Below this line are records; write out exactly the lines from the one containing "乘坐着欧辉客车,车外闷热潮湿" through the one containing "The Black Lace", with the pictures left out.
Supplied records START
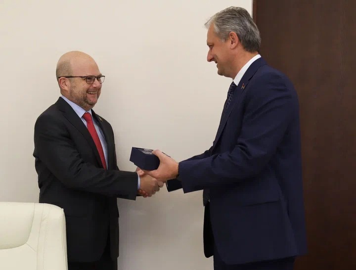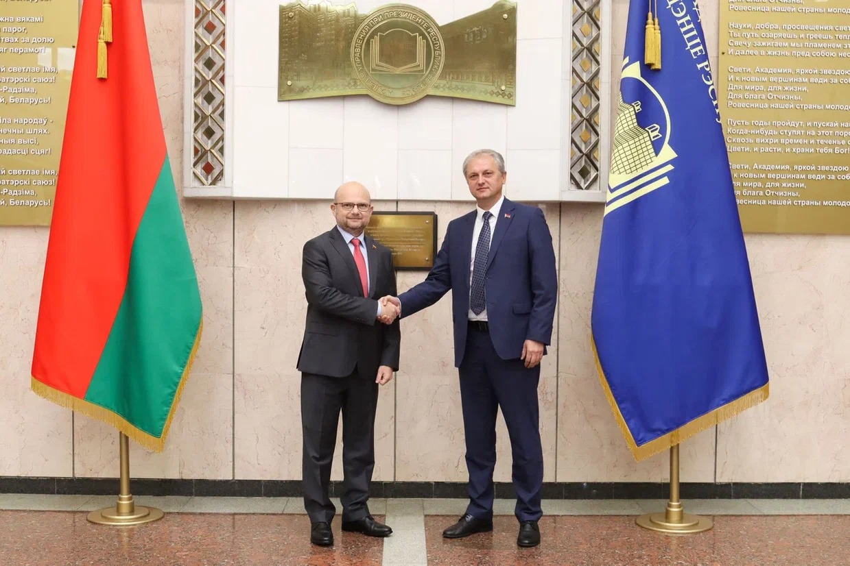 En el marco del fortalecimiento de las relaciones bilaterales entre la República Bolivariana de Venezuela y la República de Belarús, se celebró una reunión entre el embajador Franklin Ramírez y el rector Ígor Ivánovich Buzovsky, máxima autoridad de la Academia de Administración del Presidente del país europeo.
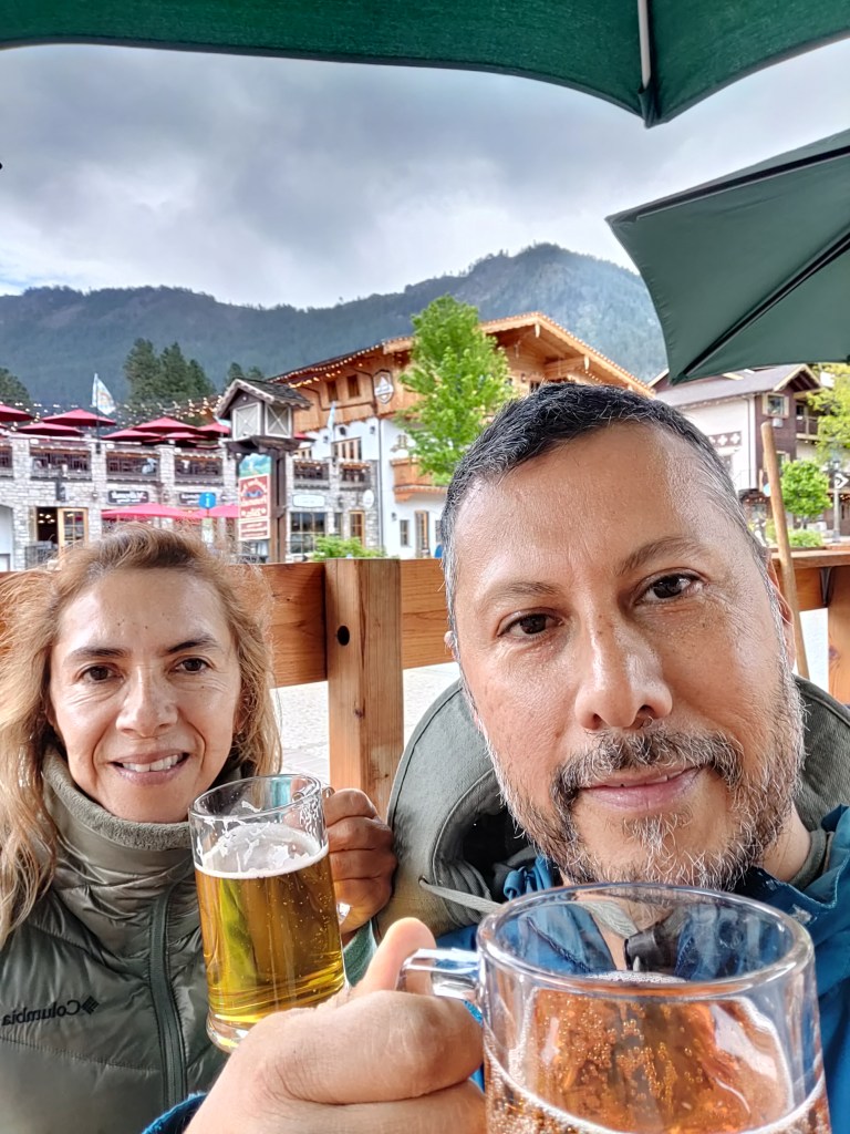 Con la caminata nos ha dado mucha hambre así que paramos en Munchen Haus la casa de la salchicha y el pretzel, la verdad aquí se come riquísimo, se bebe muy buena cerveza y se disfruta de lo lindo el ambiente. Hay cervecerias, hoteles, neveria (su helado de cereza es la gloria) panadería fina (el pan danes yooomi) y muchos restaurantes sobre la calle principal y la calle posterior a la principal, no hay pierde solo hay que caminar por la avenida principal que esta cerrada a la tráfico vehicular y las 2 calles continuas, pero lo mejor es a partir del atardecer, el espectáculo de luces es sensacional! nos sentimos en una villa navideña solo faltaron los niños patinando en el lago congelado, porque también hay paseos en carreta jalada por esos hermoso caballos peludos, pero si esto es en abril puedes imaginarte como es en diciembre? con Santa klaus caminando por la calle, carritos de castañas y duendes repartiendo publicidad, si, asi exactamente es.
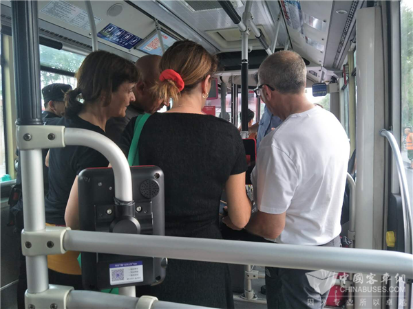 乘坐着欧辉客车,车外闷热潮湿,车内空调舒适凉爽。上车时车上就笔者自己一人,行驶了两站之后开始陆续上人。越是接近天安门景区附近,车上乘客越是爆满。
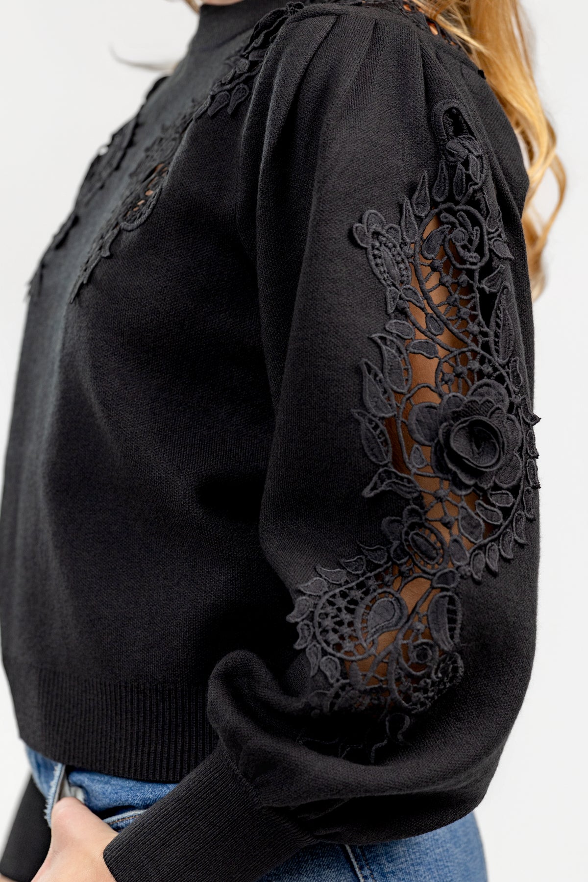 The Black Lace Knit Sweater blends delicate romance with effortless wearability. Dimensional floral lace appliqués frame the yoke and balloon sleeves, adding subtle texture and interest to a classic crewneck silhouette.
Supplied records END
Supplied records START
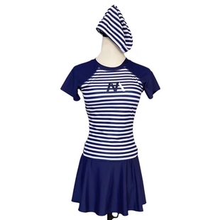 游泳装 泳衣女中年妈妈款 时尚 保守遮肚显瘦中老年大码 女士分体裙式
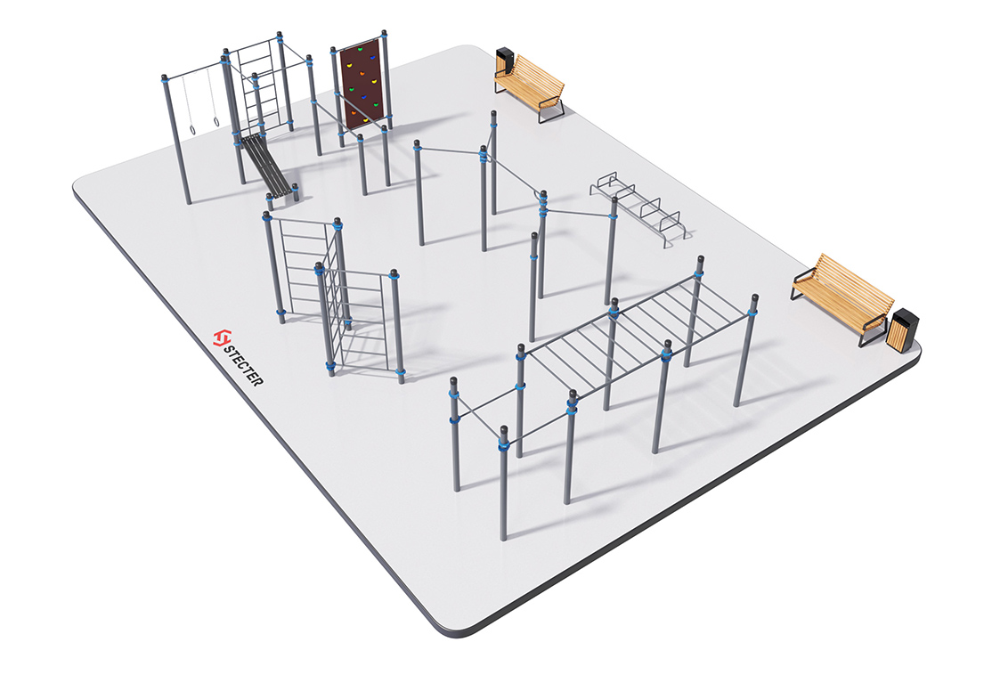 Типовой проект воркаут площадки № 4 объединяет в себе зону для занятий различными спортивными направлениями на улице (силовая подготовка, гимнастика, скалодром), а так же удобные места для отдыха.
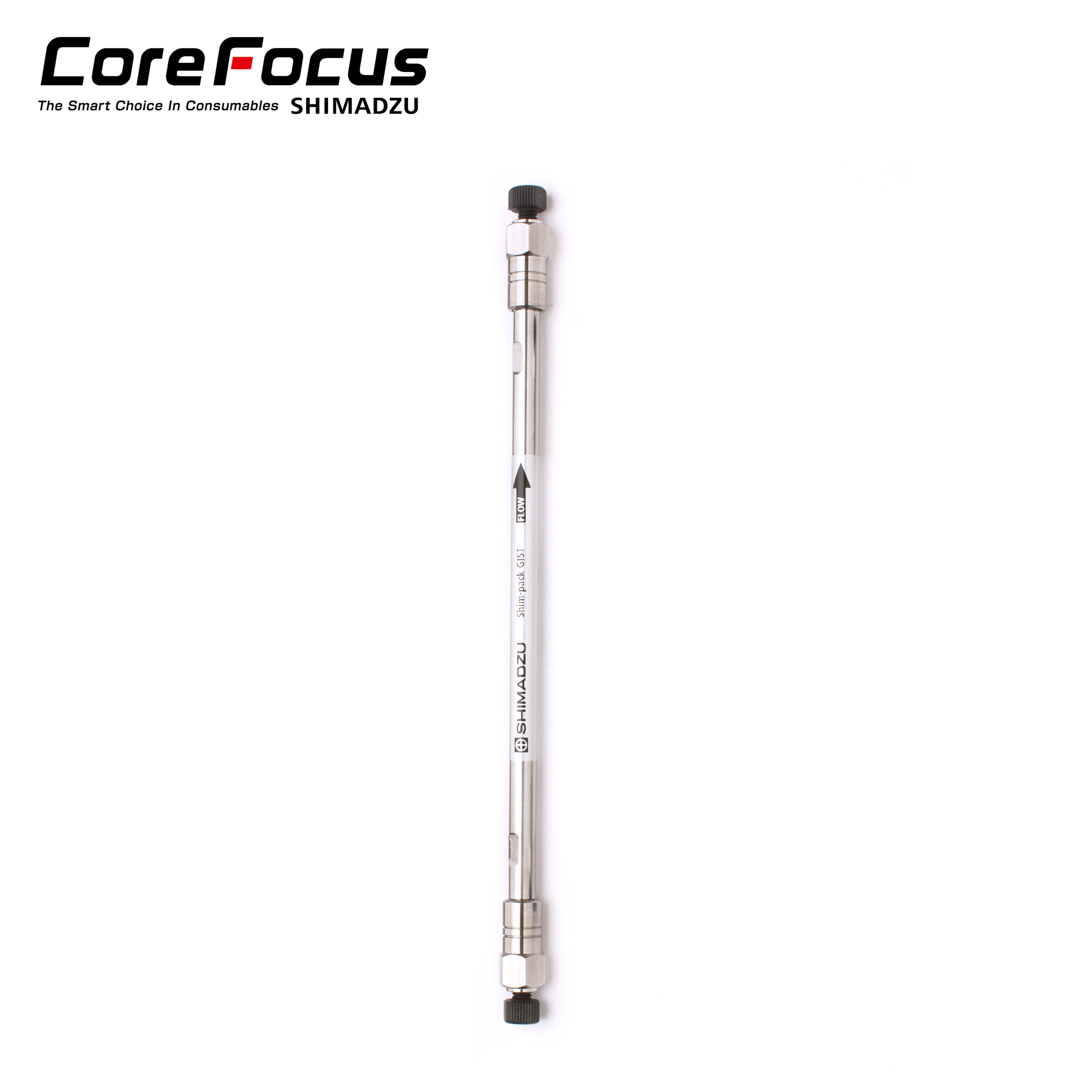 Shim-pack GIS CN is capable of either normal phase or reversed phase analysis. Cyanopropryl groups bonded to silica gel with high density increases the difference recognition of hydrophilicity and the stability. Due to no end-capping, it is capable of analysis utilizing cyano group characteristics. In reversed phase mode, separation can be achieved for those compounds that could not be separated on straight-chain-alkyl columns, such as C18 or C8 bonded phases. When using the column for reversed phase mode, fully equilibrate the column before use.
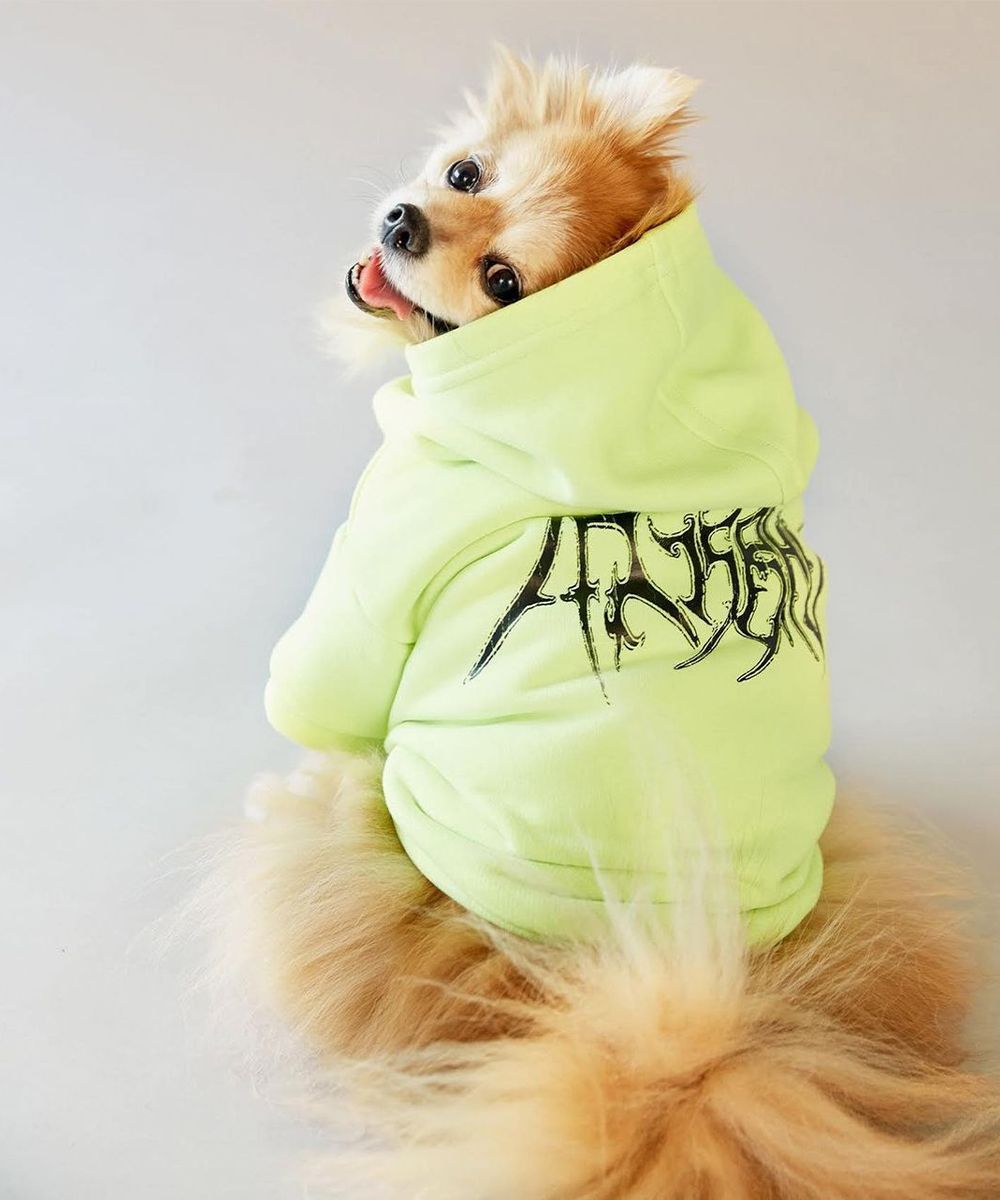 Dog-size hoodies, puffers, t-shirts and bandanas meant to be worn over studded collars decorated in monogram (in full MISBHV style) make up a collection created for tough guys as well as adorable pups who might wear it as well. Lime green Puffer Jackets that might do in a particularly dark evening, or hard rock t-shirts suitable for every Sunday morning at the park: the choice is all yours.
Supplied records END
Supplied records START
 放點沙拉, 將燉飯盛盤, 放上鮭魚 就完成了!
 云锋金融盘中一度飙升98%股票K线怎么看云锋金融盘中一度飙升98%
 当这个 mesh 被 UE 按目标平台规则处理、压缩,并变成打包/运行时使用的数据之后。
Supplied records END
▶ Response
 乘坐着欧辉客车,车外闷热潮湿,车内空调舒适凉爽。上车时车上就笔者自己一人,行驶了两站之后开始陆续上人。越是接近天安门景区附近,车上乘客越是爆满。
 The Black Lace Knit Sweater blends delicate romance with effortless wearability. Dimensional floral lace appliqués frame the yoke and balloon sleeves, adding subtle texture and interest to a classic crewneck silhouette.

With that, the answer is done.